Tips for naming your functions:
- Descriptive names: The name should describe what the function does in a clear and concise way.
- Action verbs: Function names should use verbs to indicate what the function does.
- Use the snake_case naming convention.
- Avoid abbreviations: Abbreviations can make function names difficult to understand.
Indentation
If you need more than 3 levels of indentation, you should fix your program. You can read the preferred Linux kernel coding style and take it as a reference. This video shows the importance of this point.
Comments
In an ideal world, you wouldn’t need comments. If your variable and function names are concise and self-explanatory, and your program is designed in a way that breaks down into logical functions that are easy to follow, your code should be easily readable, and no comments would be needed.
However, we live in an imperfect world where the best decisions are not always obvious, and where we sometimes have to sacrifice readability for performance. For these reasons, I recommend writing comments. I suggest breaking functions (or code) into small chunks, each accompanied by a comment at the top explaining what you are doing and why.
Virtual Environments
If you’ve been involved in several projects simultaneously without using virtual environments, you know the struggle. Every time you need a library, you simply type pip install <new_library>, and if you now run pip list, you’ll see a huge list of libraries that you don’t even remember installing. The pain is even greater if you work in a team where nobody uses virtual environments or if you are involved in several projects simultaneously: encountering code crashes for no apparent reason, difficulty running code for new team members, and so on.

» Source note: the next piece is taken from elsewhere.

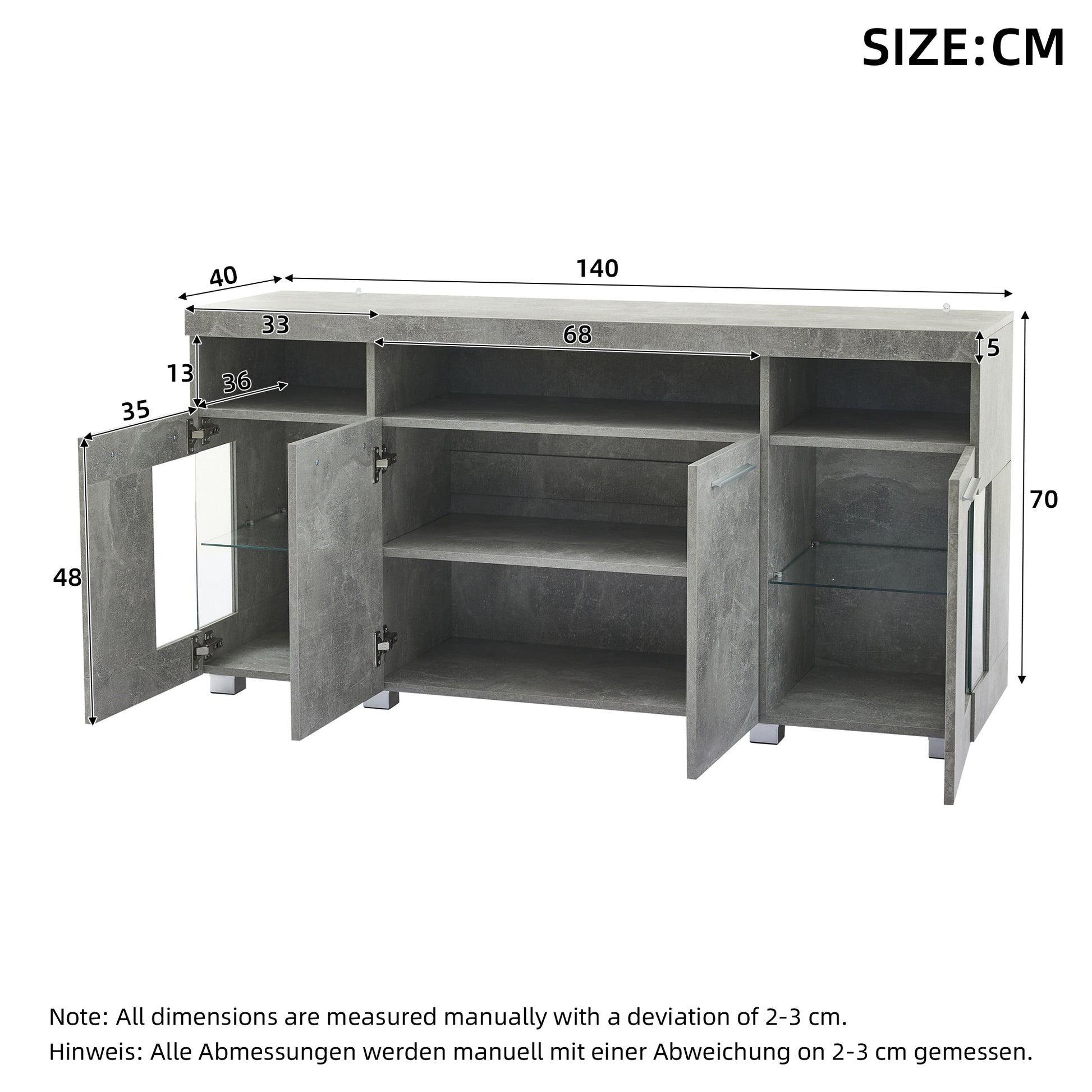 This modern, industrial-style living room sideboard features a high-gloss cement gray finish, paired with clear tempered glass doors and integrated LED lighting that creates a sophisticated look. Measuring 140 x 40 x 70 cm, it offers ample storage space with three large drawers, six shelves, and a semi-open shelving unit. The combination of carefully selected MDF and particleboard ensures robustness and durability, supporting up to 80 kg. The top platform provides secure storage for heavy items such as speakers. The unique industrial-style design blends seamlessly with various interior styles, such as modern and Nordic. The two packages will be shipped separately; please inspect them carefully. (Highlighting is limited to the cabinet doors.)

The solution to these problems is a virtual environment. For Python, I recommend virtualenv. It creates an environment in which you can install libraries completely independent of the rest of your system. To install it, simply run pip install virtualenv, and to learn how to use it, type tldr virtualenv. To remove a virtual environment, simply delete the folder you initially created. Note that the process of activating a virtual environment is slightly different for Windows and Linux.
Remember that you can have as many virtual environments as you want. Don’t be afraid to create and delete environments as needed.
I usually create two for each project: one for development and one for production.
Conclusion
In summary, good coding structure and practices not only improve development efficiency, but also facilitate collaboration and long-term code maintenance. Migrating from notebooks to well-organised scripts, writing clear and concise functions, using descriptive names, and taking advantage of tools such as virtual environments are essential habits for any development team. The key is to write code that is easily understandable, reproducible, and adaptable, which will benefit you, your teammates, and your customers. Efficiency in code is ultimately efficiency in results.